**SOURCE DATA**
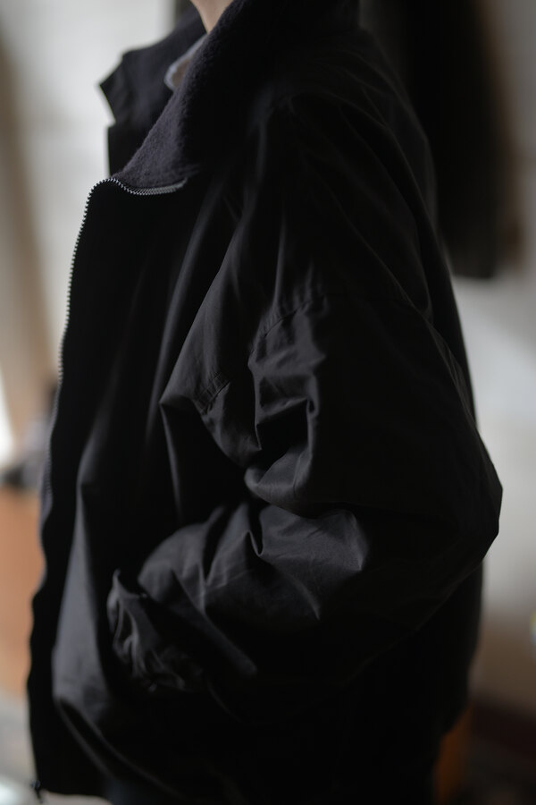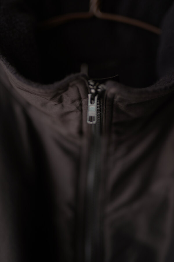 色というのは人によって違って見えたり、場所や環境によって印象が変わることがあります。おそらくほとんどの人が黒と答えるかもしれません。しかし日光に照らされると茶色というのがわかります。黒に見えるけど茶色、茶色ではあるけれど黒く見える。その絶妙なニュアンスのあるジャケットです。
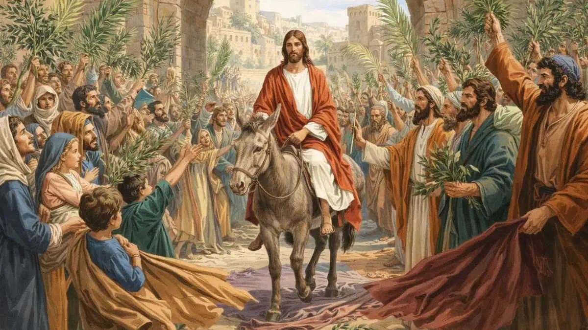 Este acontecimiento marca el inicio de la Semana Santa. Jesús entró montado en un asno —cumpliendo la profecía de Zacarías, aclamado por una multitud que extendía mantos y ramas de palma
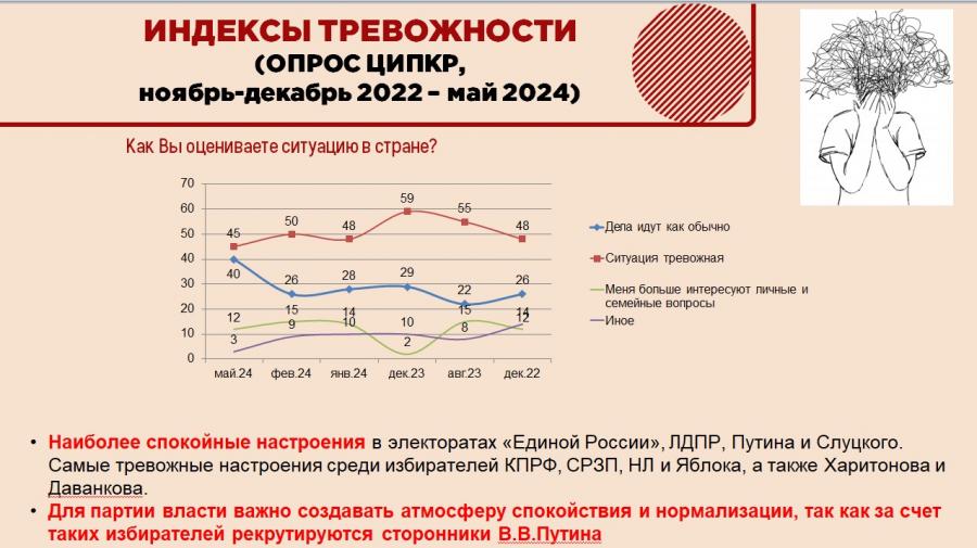 Свежие данные опросов ЦИПКР показывают, что тревожность в российской обществе хотя и остается высокой, но в последние месяцы снижается. Сейчас 45% граждан оценивают ситуацию как тревожную, а 40% — как обычную. Однако это снижение не снимает проблему сохраняющейся невротизации российского общества .

**PROBLEM**
Please reproduce the listing exactly from its opening line through the line that contains "Este acontecimiento marca", both included, with all pictures omitted.

**SOLUTION TO THIS TASK**
 色というのは人によって違って見えたり、場所や環境によって印象が変わることがあります。おそらくほとんどの人が黒と答えるかもしれません。しかし日光に照らされると茶色というのがわかります。黒に見えるけど茶色、茶色ではあるけれど黒く見える。その絶妙なニュアンスのあるジャケットです。
 Este acontecimiento marca el inicio de la Semana Santa. Jesús entró montado en un asno —cumpliendo la profecía de Zacarías, aclamado por una multitud que extendía mantos y ramas de palma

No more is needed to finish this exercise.